## Assignment
In the entries below, filter for the word "only" and copy every matching line.

◇ ◇ ◇ ◇

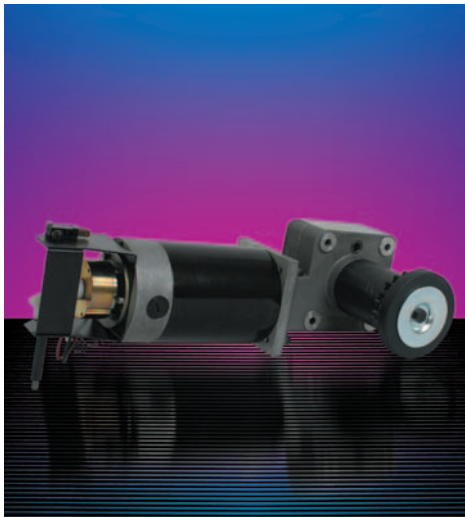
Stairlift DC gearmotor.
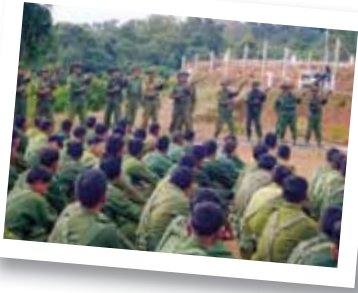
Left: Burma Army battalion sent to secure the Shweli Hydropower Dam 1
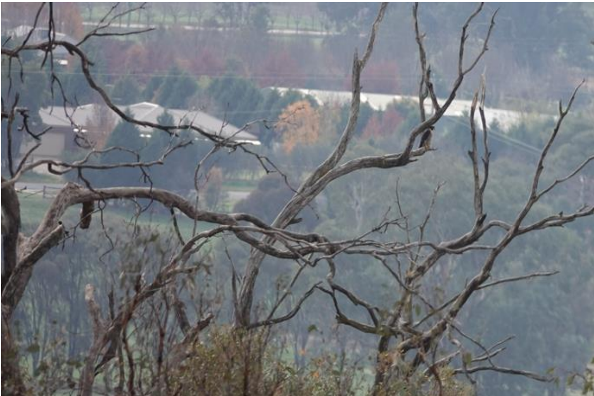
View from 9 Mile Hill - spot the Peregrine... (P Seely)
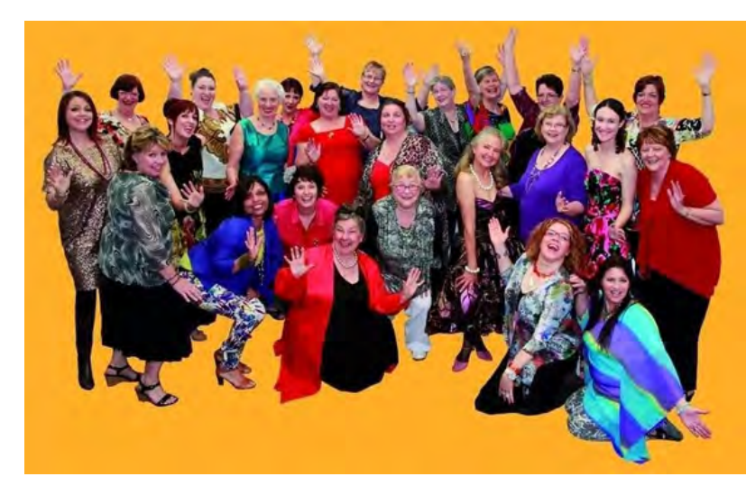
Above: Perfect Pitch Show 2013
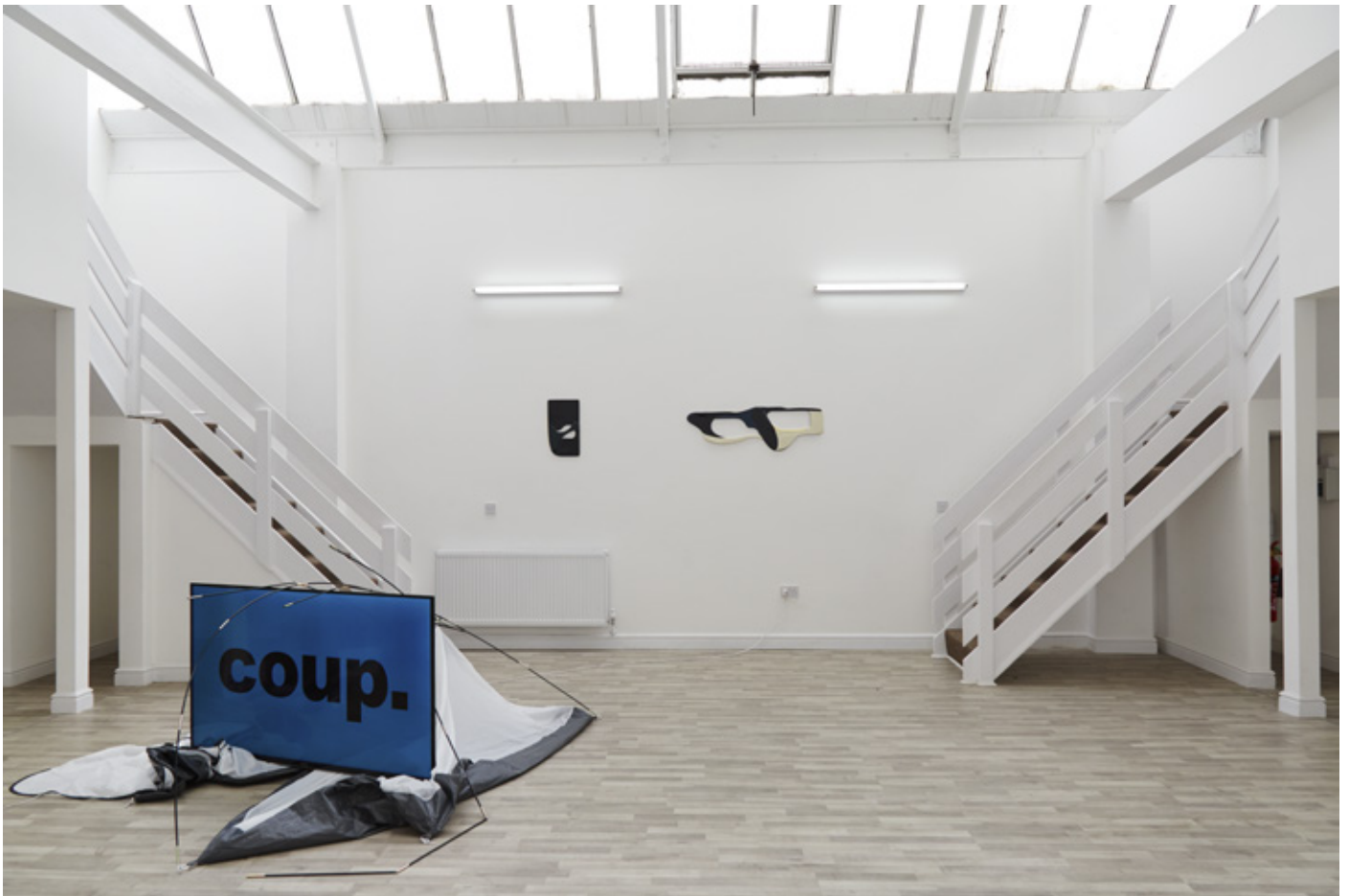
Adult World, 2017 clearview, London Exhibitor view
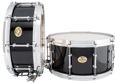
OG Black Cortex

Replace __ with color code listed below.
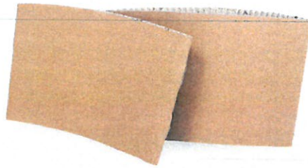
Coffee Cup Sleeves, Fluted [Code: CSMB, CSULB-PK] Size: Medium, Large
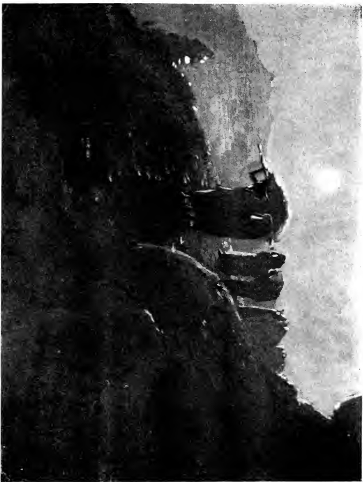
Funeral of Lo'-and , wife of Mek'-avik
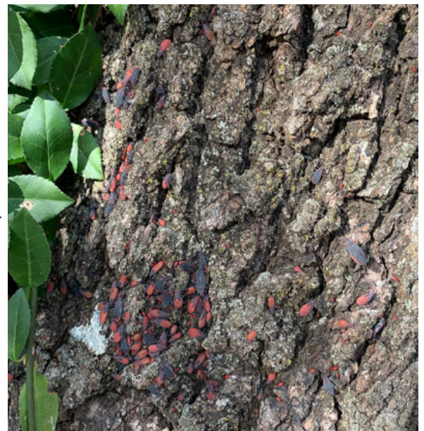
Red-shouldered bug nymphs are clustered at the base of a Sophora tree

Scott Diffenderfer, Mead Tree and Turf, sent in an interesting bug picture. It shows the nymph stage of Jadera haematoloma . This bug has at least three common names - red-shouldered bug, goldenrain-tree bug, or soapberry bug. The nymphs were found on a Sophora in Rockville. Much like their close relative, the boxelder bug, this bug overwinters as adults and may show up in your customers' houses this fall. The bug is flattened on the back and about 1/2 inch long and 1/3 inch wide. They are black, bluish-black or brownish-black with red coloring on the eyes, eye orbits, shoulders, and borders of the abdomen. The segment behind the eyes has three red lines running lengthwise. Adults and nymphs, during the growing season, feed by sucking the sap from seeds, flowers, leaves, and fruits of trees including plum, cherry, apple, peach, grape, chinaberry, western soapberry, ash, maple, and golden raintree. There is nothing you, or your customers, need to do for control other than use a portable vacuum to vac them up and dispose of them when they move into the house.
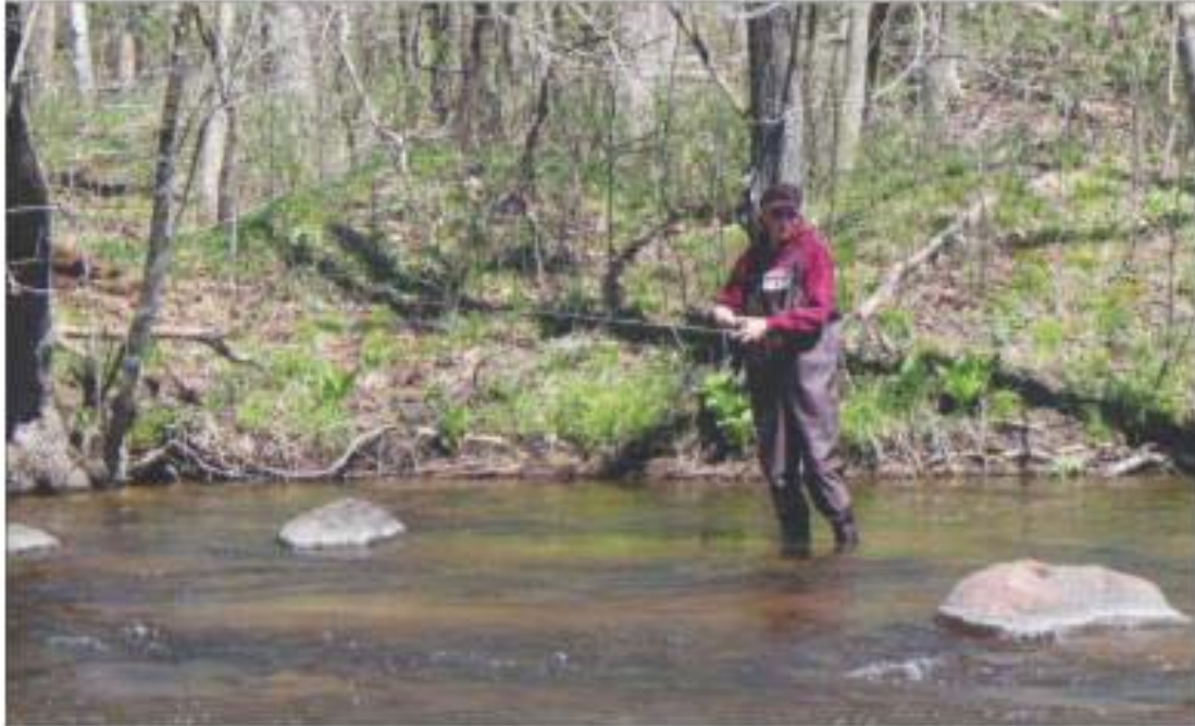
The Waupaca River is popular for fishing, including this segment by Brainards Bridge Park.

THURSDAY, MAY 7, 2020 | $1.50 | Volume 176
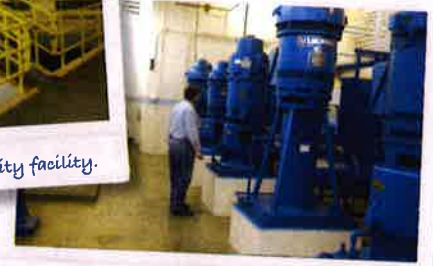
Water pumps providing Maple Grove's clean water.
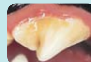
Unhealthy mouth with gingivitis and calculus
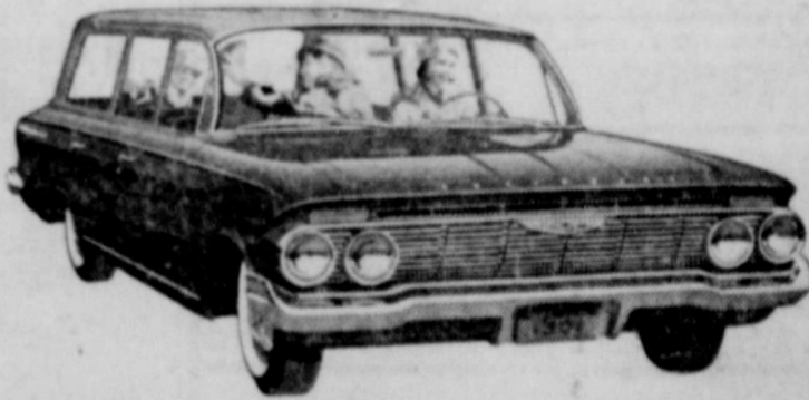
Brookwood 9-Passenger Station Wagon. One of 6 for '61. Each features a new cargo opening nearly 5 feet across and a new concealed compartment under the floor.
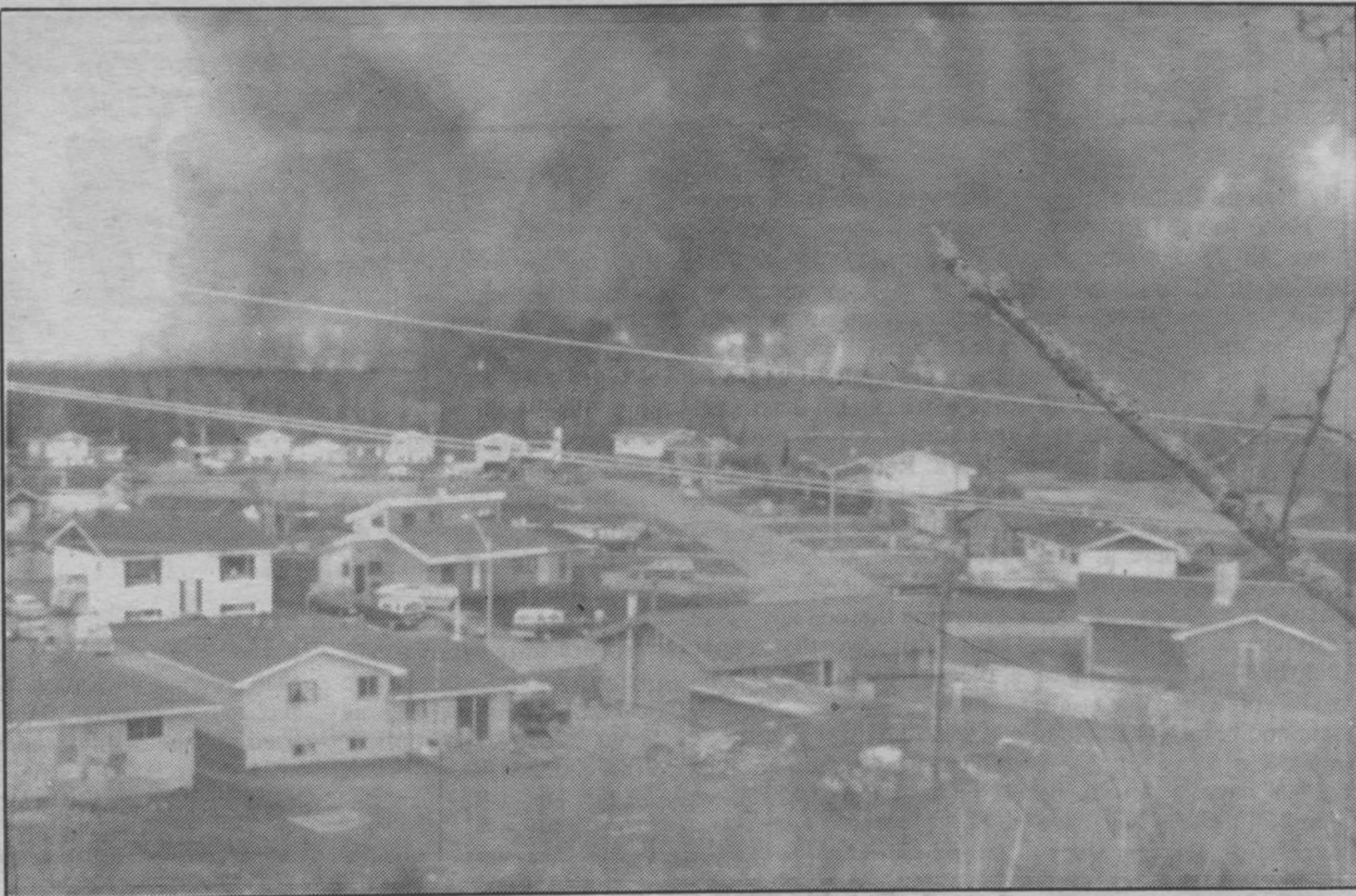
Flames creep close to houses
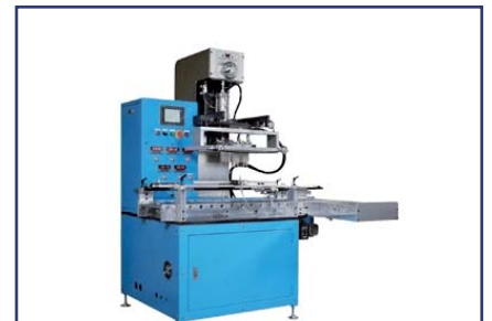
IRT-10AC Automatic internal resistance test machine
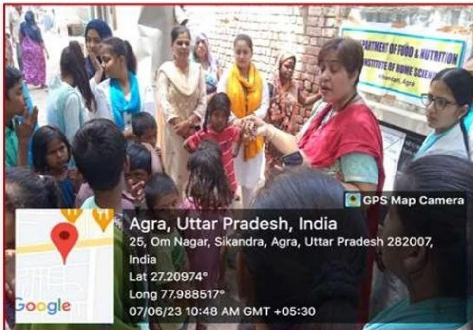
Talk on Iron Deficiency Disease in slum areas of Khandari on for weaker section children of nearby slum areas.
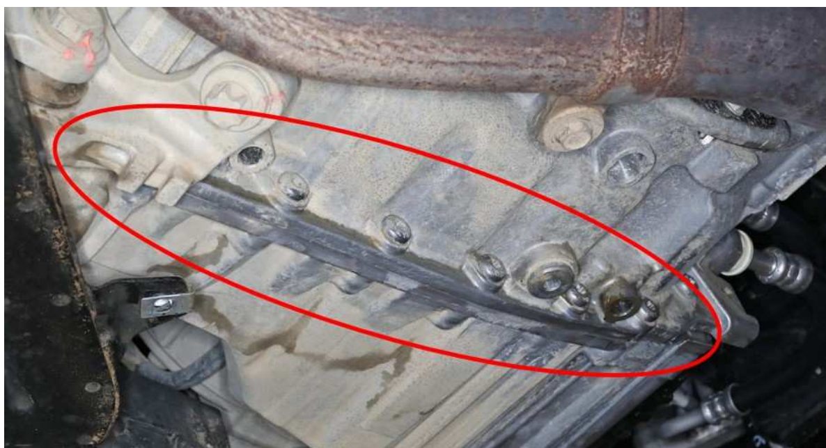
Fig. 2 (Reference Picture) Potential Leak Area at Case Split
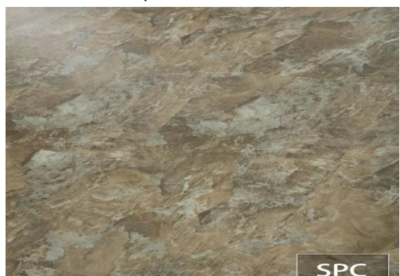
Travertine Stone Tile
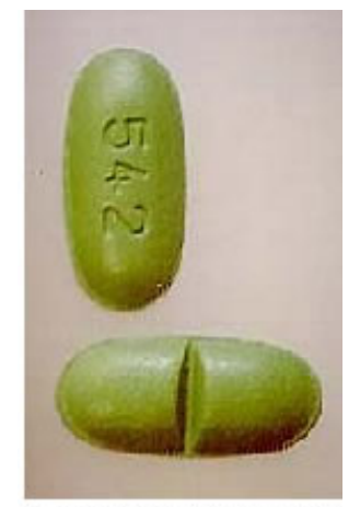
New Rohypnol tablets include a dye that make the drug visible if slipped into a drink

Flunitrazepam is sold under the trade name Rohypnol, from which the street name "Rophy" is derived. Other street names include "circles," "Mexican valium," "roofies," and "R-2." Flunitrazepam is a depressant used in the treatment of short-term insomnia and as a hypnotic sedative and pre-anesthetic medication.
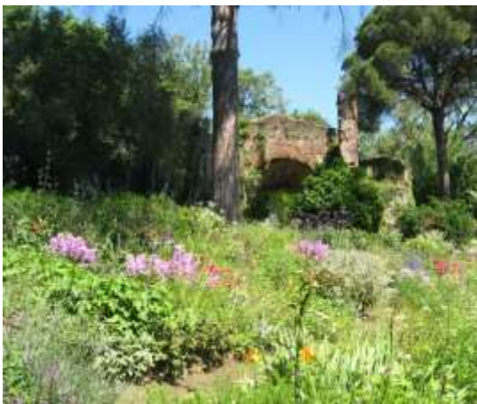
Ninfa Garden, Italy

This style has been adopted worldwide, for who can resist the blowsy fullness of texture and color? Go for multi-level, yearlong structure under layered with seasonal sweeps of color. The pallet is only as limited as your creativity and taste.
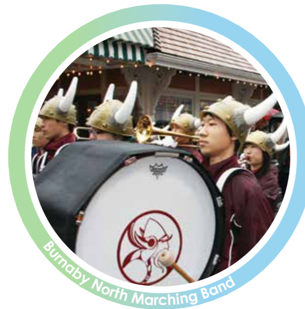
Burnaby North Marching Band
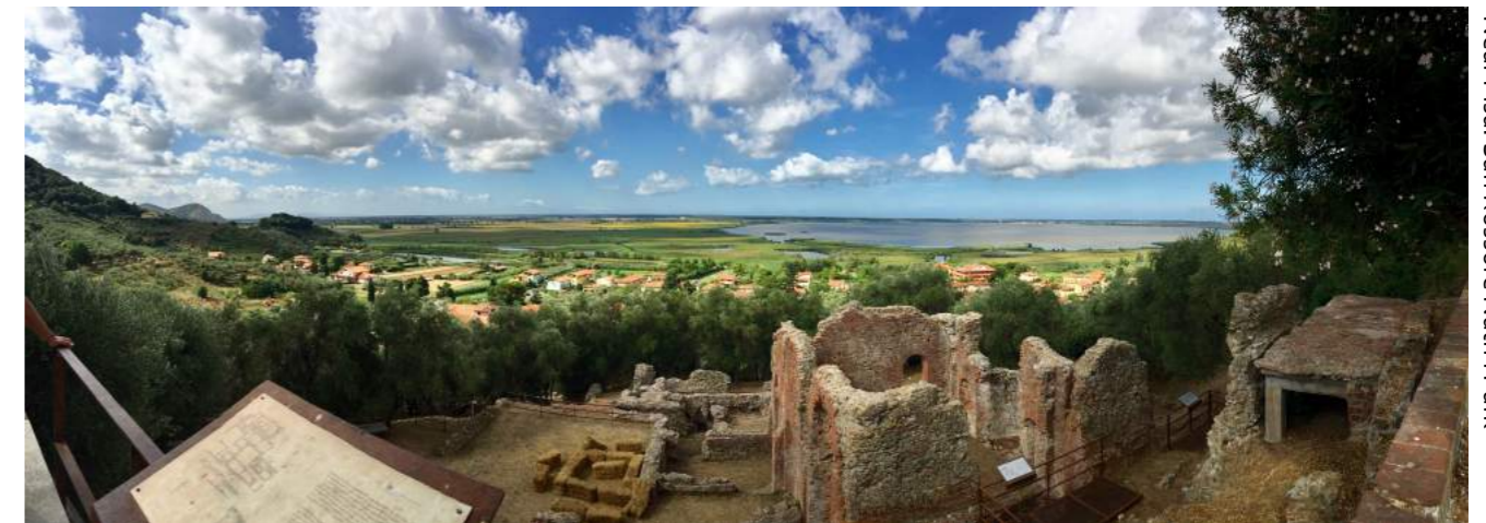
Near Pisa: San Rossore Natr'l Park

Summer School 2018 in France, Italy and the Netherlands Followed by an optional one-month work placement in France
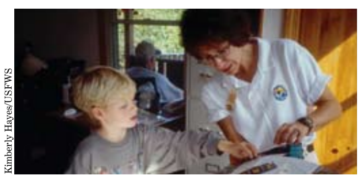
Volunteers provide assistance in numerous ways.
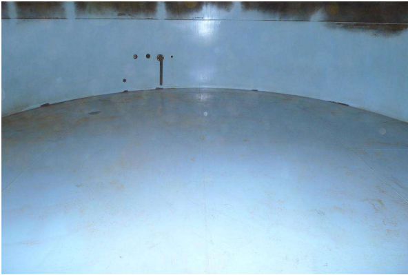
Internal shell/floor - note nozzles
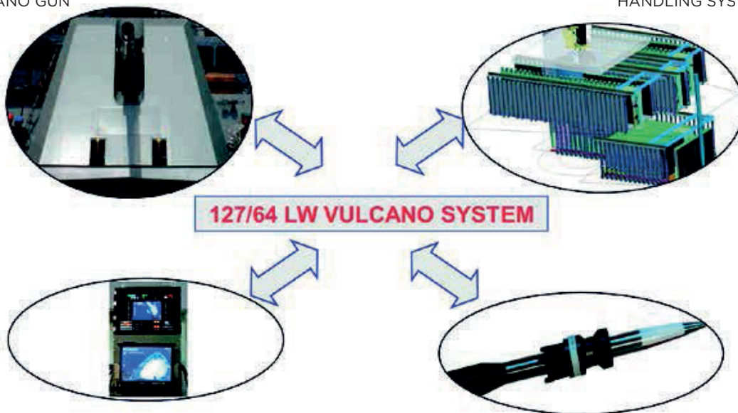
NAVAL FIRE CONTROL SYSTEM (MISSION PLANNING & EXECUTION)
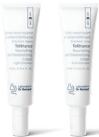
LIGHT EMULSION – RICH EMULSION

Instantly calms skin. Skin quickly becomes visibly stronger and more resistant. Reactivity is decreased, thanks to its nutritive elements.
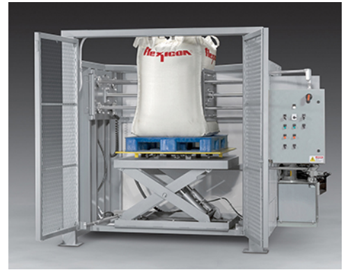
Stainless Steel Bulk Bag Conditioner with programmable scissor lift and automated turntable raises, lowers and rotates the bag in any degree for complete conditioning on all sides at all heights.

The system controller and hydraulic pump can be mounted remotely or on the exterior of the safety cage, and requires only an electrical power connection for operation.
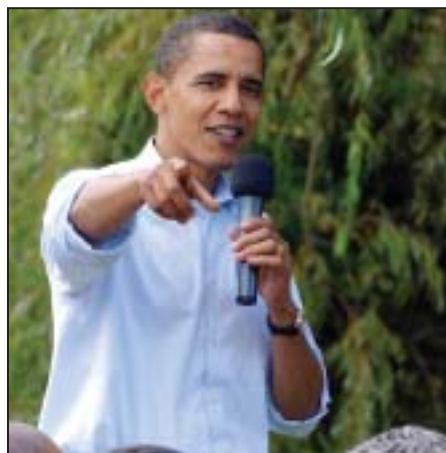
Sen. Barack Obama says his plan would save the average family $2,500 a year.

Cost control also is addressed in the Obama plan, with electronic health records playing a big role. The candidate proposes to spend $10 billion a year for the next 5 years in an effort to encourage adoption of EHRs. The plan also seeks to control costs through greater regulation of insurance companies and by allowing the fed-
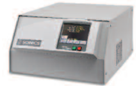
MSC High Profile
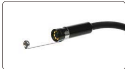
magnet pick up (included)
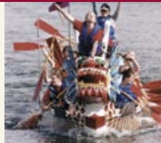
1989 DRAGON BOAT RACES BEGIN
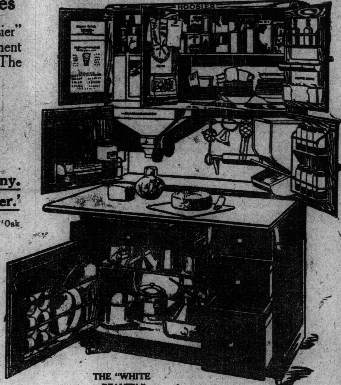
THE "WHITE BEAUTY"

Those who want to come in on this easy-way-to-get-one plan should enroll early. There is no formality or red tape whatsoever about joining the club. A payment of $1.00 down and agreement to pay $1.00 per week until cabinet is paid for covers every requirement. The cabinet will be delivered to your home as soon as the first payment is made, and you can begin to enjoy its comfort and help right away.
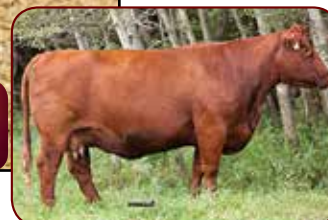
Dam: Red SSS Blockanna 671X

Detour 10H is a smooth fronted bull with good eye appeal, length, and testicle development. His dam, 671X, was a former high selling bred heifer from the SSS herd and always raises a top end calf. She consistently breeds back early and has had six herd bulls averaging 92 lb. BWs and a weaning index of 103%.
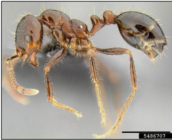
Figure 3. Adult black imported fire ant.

◇ ◇ ◇ ◇

## Answer box
This style has been adopted worldwide, for who can resist the blowsy fullness of texture and color? Go for multi-level, yearlong structure under layered with seasonal sweeps of color. The pallet is only as limited as your creativity and taste.
The system controller and hydraulic pump can be mounted remotely or on the exterior of the safety cage, and requires only an electrical power connection for operation.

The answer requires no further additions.